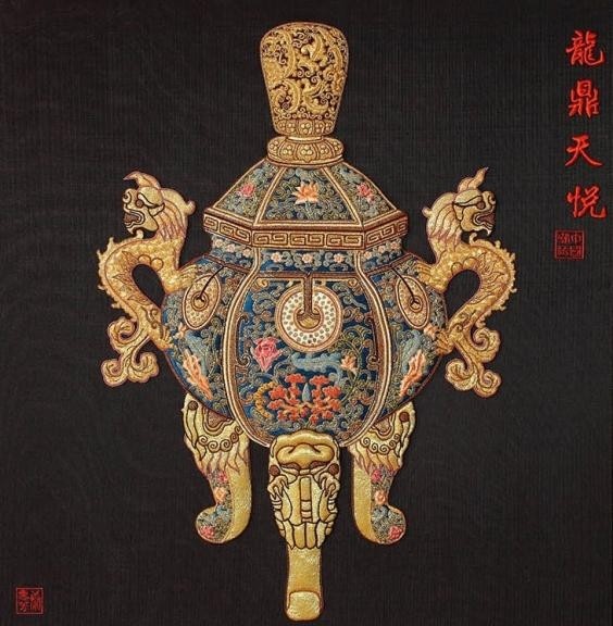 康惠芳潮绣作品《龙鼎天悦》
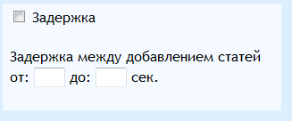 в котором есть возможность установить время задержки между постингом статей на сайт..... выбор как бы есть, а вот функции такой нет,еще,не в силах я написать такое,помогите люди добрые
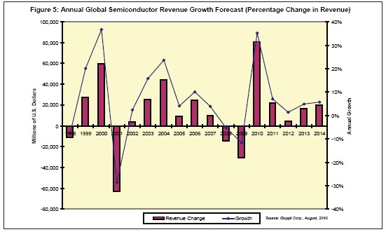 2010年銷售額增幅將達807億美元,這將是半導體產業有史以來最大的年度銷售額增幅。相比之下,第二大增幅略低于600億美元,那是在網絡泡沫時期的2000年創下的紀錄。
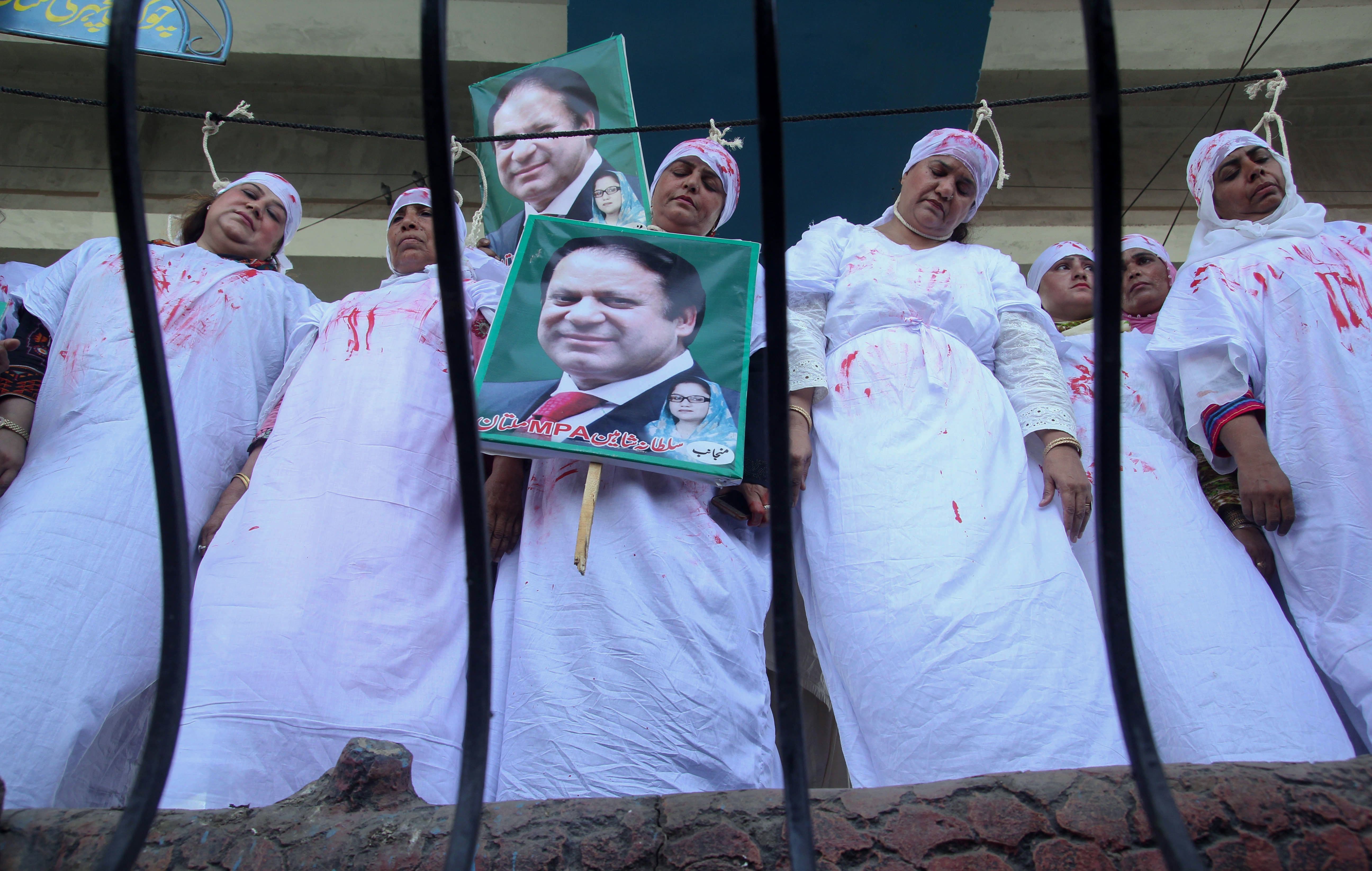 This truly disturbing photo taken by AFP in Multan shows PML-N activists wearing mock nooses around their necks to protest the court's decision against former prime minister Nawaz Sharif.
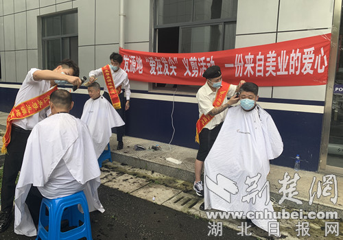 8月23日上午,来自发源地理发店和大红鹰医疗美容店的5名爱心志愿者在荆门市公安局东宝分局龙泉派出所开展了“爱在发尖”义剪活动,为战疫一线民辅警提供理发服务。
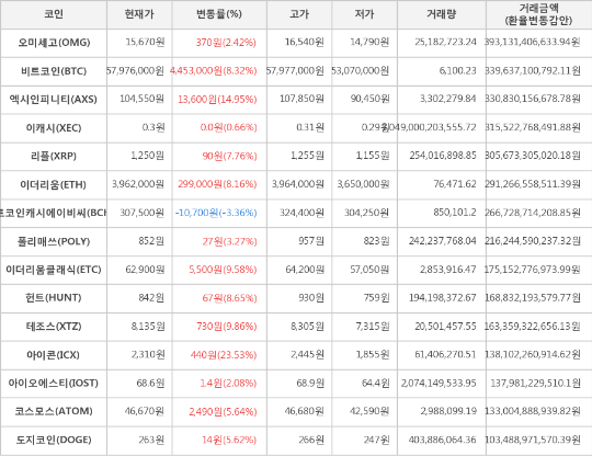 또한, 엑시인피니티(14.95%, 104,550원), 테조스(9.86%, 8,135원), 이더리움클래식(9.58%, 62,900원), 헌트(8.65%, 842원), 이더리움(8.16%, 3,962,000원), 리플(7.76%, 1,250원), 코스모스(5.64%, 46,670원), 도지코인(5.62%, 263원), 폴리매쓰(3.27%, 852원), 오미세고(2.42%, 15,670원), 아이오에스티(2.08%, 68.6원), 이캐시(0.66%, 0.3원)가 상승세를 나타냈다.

***

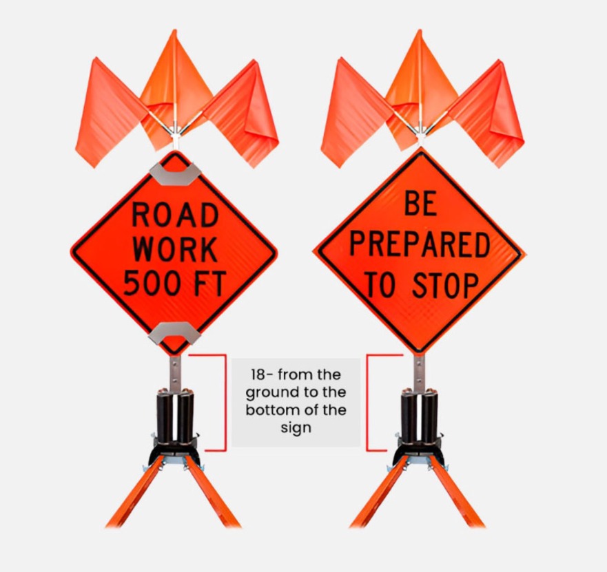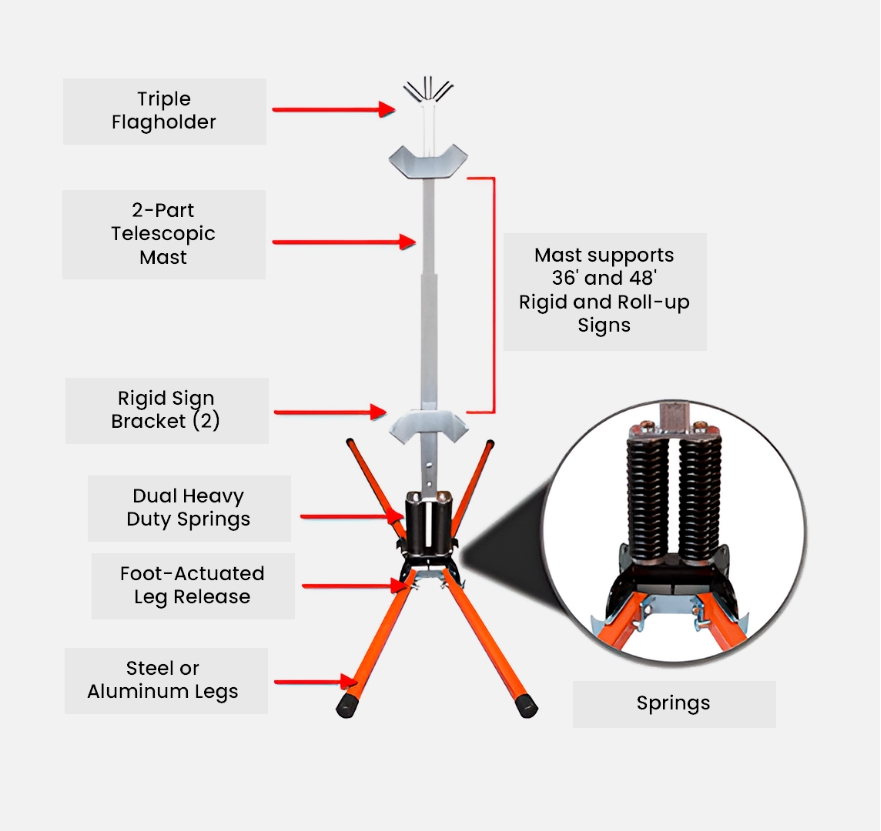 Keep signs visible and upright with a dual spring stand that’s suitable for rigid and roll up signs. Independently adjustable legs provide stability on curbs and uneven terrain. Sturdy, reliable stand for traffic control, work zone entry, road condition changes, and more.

***

EXERCISE DIRECTIONS => Output only the stretch above from the line with "康惠芳潮绣作品《龙鼎天悦》" through the line with "2010年銷售額增幅將達80", reproduced exactly. Exclude pictures.

RESPONSE BELOW =>
 康惠芳潮绣作品《龙鼎天悦》
 в котором есть возможность установить время задержки между постингом статей на сайт..... выбор как бы есть, а вот функции такой нет,еще,не в силах я написать такое,помогите люди добрые
 2010年銷售額增幅將達807億美元,這將是半導體產業有史以來最大的年度銷售額增幅。相比之下,第二大增幅略低于600億美元,那是在網絡泡沫時期的2000年創下的紀錄。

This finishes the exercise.